Paul Gilroy is one of the foremost theorists of race and racism working and teaching in the world today. Author of foundational and highly influential books such as There Ain’t No Black in the Union Jack (1987), The Black Atlantic: Modernity and Double Consciousness (1993), Against Race (2000), Postcolonial Melancholia (2005) and Darker Than Blue (2010) alongside numerous key articles, essays and critical interventions, Gilroy’s is a unique voice that speaks to the centrality and tenacity of racialised thought and representational practices in the modern world. He has transformed thinking across disciplines, from Ethnic Studies, British and American Literature, African American Studies, Black British Studies, Trans-Atlantic History and Critical Race Theory to Post-Colonial theory. He has contributed to and shaped thinking on Afro-Modernity, aesthetic practices, diasporic poetics and practices, sound and image worlds.
John Sabapathy is Professor of History and works on the comparative history of Europe/Christendom primarily in the twelfth to fourteenth centuries.
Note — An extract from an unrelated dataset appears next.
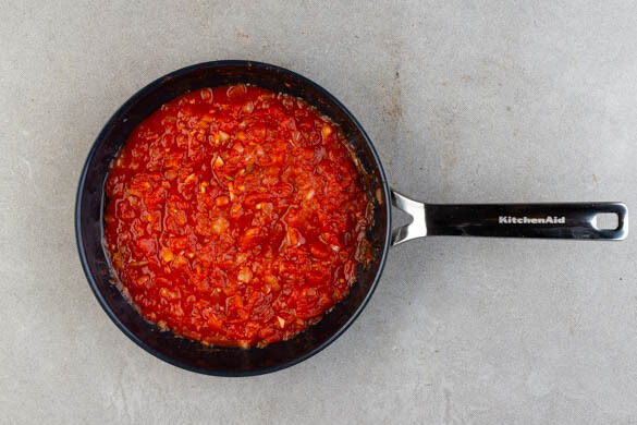 Die Zwiebeln und den Knoblauch in einer mittelgroßen Pfanne mit ½EL Olivenöl bei mittlerer bis starker Hitze ca. 2Min. anbraten. Die Tomaten zugeben und mit 1 Prise Zucker würzen, mit Salz und Pfeffer abschmecken. Die Hitze reduzieren und die Sauce köcheln lassen, bis die überschüssige Flüssigkeit verdampft ist.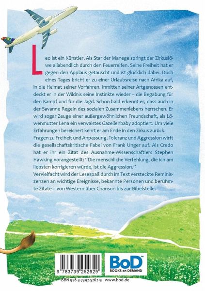 Leo ist ein Künstler. Als Star der Manege springt der Zirkuslöwe allabendlich durch den Feuerreifen. Seine Freiheit hat er gegen den Applaus getauscht und ist glücklich dabei. Doch eines Tages bricht er zu einer Urlaubsreise nach Afrika auf, in die Heimat seiner Vorfahren. Inmitten seiner Artgenossen entdeckt er in der Wildnis seine Instinkte wieder - die Begabung für den Kampf und für die Jagd. Schon bald erkennt er, dass auch in der Savanne Regeln des sozialen Zusammenlebens herrschen. Er wird sogar Zeuge einer außergewöhnlichen Freundschaft, als Löwenmutter Lena ein verwaistes Gazellenbaby adoptiert. Um viele Erfahrungen bereichert kehrt er am Ende in den Zirkus zurück. Fragen zu Freiheit und Anpassung, Toleranz und Aggression wirft die gesellschaftskritische Fabel von Frank Unger auf. Als Credo hat er ihr ein Zitat des Ausnahme-Wissenschaftlers Stephen Hawking vorangestellt: "Die menschliche Verfehlung, die ich am liebsten korrigieren würde, ist die Aggression." Vervielfacht wird der Lesespaß durch im Text versteckte Reminiszenzen an wichtige Ereignisse, bekannte Personen und berühmte Zitate - von Western über Chanson bis zur Bibelstelle.

He also works on the Anthropocene (the period in which humans became geological forces globally), and co-convenes UCL Anthropocene – a major initiative in this area.
His monograph Officers and Accountability in Medieval England, 1170-1300, a study of English officers in a European context, won the Royal Historical Society’s Whitfield Prize for 2015. An edited collection on Individuals and Institutions in Medieval Scholasticism was published in 2020. He is an editor at The English Historical Review.